So I did two things. First, I built a small private API that drives a browser to BAAR and RAROM, solves the captchas, and returns structured data. I run it for my own use and don’t plan to publish it. Second, I published a Home Assistant integration that talks to the official vignette API and, optionally, to any RCA/ITP API you provide. That way you get vignette out of the box, and if you build your own scraper (or use someone else’s), you can plug it in.
What the integration does
The integration is called RO Auto and is installable via HACS. You add one or more cars (name, make, model, year, VIN, registration number). For each car it creates sensors:
- Vignette: valid/invalid and expiry date (from the public erovinieta API).
- RCA: optional. Only if you enable it and configure an RCA API URL plus Basic auth. Then you get RCA valid/not and validity start/end dates.
- ITP: optional. Same idea, enable ITP, set an ITP API URL and Basic auth, and you get ITP status and expiry.
Vignette works with zero extra setup. RCA and ITP are off until you point the integration at an API that can actually query BAAR and RAROM, because those sites don’t offer a public API.

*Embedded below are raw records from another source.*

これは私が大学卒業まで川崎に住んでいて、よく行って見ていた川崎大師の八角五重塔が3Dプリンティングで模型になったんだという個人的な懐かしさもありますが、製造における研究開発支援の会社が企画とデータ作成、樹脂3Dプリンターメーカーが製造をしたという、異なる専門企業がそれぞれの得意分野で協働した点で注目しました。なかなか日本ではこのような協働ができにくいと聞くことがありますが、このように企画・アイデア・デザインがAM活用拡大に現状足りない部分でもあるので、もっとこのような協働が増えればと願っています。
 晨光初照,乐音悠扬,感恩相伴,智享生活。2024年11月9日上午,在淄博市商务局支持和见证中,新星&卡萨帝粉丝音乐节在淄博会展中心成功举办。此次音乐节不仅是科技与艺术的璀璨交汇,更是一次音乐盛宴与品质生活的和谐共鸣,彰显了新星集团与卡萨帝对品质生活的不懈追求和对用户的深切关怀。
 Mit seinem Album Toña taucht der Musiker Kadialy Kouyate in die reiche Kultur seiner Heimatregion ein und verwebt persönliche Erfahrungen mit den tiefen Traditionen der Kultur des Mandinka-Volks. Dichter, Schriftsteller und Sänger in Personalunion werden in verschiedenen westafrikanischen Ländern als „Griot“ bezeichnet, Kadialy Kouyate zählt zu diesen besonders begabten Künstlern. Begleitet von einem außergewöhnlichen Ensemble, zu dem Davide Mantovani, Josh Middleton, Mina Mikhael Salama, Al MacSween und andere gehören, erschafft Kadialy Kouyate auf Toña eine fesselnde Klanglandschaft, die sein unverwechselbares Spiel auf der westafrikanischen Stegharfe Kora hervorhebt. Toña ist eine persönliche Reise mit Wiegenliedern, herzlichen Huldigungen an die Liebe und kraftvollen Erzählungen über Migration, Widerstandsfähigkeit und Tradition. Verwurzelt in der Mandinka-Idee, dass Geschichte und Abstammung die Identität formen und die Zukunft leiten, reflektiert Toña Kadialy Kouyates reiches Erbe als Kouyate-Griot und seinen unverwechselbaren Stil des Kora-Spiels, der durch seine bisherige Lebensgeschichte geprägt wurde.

Why a separate API for RCA and ITP
BAAR (RCA) and RAROM (ITP) both use captchas. BAAR uses reCAPTCHA; RAROM uses a custom image captcha (red digits on a dotted background). You can’t call them from a simple HTTP client. So the flow is: run a service that uses a real browser (or a headless one), solve the captcha, scrape or intercept the result, and expose that over HTTP. Home Assistant then talks only to your API, with a stable contract (RCA: plate in, validity out; ITP: VIN in, validity out). The integration doesn’t care how you implement that API—only that it responds with the right JSON and that you protect it (e.g. Basic auth) so only your HA instance can call it.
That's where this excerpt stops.